Hi,
What are the proper parameters to configure a rebuild of the HPC-X ompi for GPUDirect and RDMA to be included into the library?
In the document “https://www.open-mpi.org/faq/?category=runcuda”, under “GPUDirect RDMA Information”, there are commands given to see if you have GPUDirect RDMA compiled into your library:
$ ompi_info --all | grep btl_openib_have_cuda_gdr
and
ompi_info --all | grep btl_openib_have_driver_gdr
Neither of those result in “true” (the flags don’t even appear to be present).
In the document “http://www.mellanox.com/related-docs/prod_software/Mellanox_GPUDirect_User_Manual.pdf”, you give a configuration string for recompiling openmpi for running GPUDirect RDMA:
./configure --prefix=/path/to/openmpi-1.10.0_cuda7.0 --with-wrapper-ldflags=W1,-rpath,/lib --disable-vt --enable-orterun-prefix-by-default -disable-io-romio --eanble-picky --with-cuda=/usr/local/cuda-7.0
It appears that the “–with-cuda” is the key there, even though the versions are out of date. This is also against a trunk build of openmpi.
I have gpudirect and gdrcopy both properly installed.

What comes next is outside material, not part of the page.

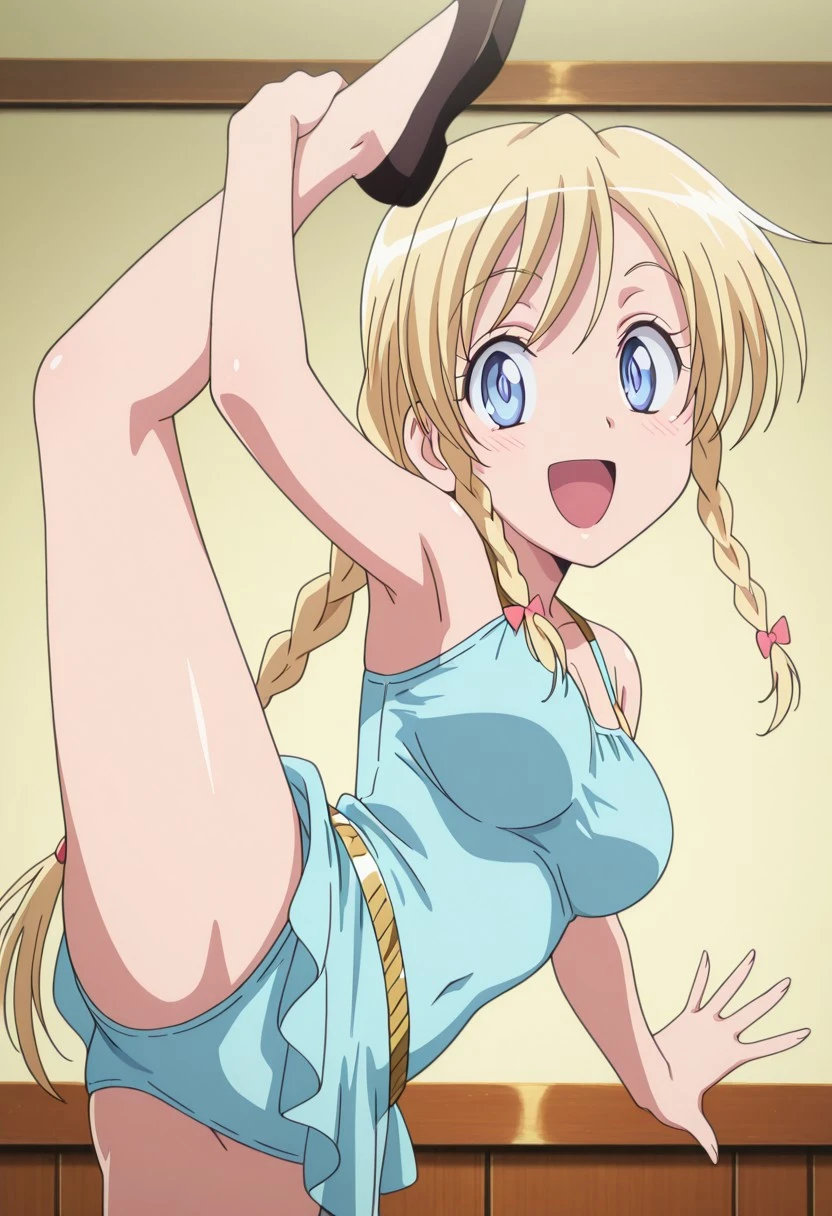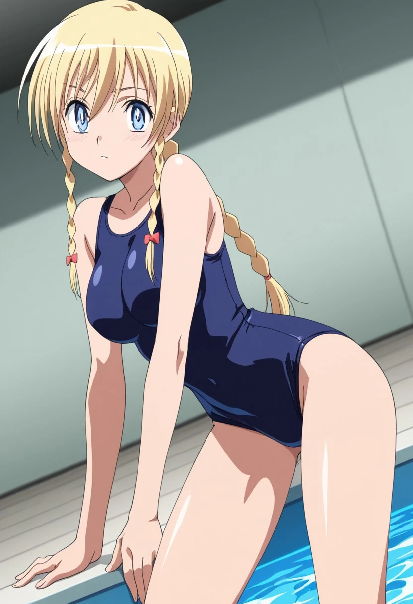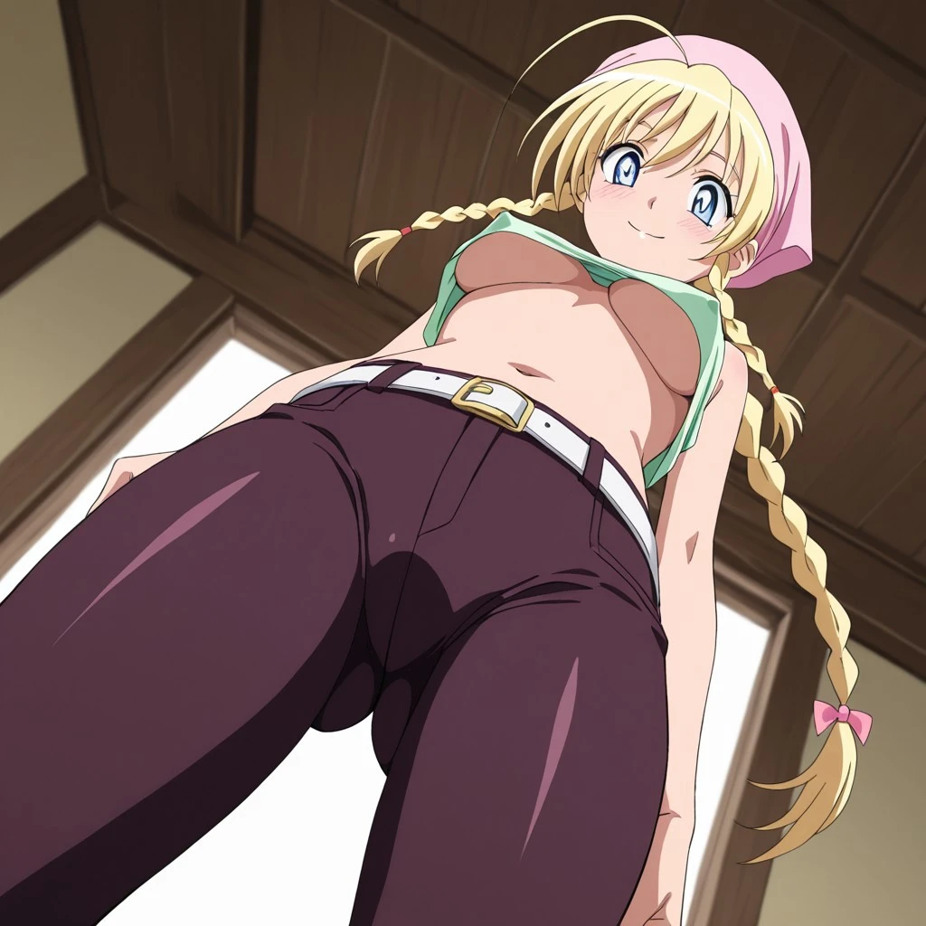 Trigger: rikantz, light blue eyes, blonde hair, braid, twin braids, braided long ponytail, medium breasts,young adult,

In both the default HPC-X installation and in my build the config.status file shows “mpi_build_with_cuda_support” as true.
Is this just a mix of out of date information?
Does that flag (“mpi_build_with_cuda_support”) correlate to GPUDirect and RDMA being corectly configured into the ompi build?
How/where does one verify that?
The HPC-X docs discuss it, but it ends up just giving some generics:
https://docs.mellanox.com/display/hpcxv24
Thanks